== ENTRIES SHOWN ==
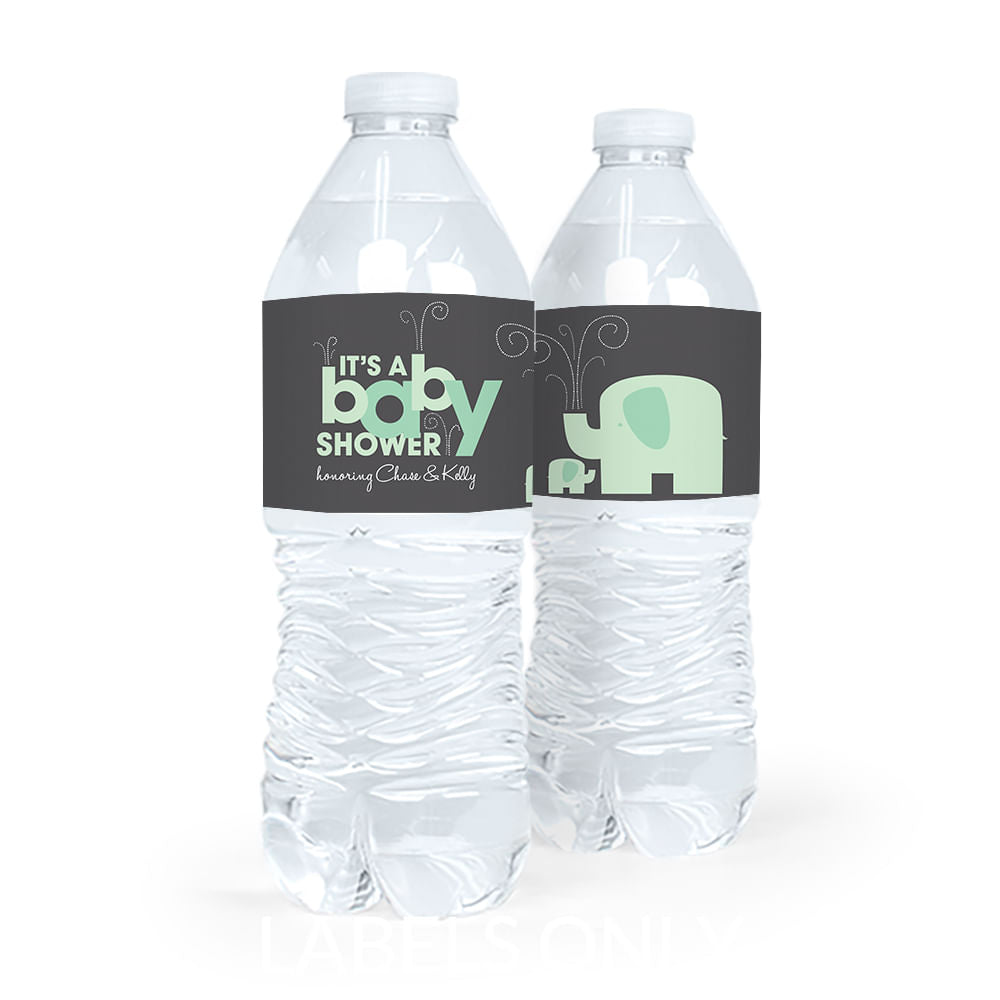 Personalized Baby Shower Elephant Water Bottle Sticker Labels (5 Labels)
...
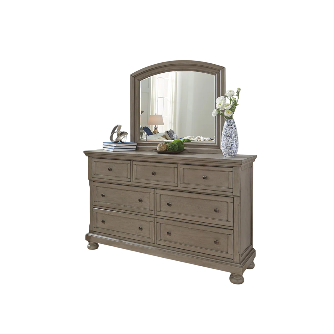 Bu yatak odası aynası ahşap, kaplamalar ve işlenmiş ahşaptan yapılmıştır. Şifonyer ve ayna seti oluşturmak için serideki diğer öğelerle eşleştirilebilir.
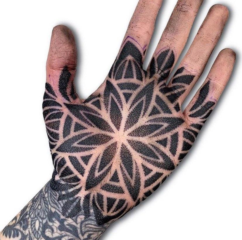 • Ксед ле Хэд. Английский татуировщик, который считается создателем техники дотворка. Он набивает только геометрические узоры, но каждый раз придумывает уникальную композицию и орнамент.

== WHAT TO PRODUCE ==
In the entries above, which lines run from the one with "Bu yatak odası" up to and including the one with "композицию и орнамент."? Write them out exactly, without the pictures.

== OUTPUT ==
 Bu yatak odası aynası ahşap, kaplamalar ve işlenmiş ahşaptan yapılmıştır. Şifonyer ve ayna seti oluşturmak için serideki diğer öğelerle eşleştirilebilir.
 • Ксед ле Хэд. Английский татуировщик, который считается создателем техники дотворка. Он набивает только геометрические узоры, но каждый раз придумывает уникальную композицию и орнамент.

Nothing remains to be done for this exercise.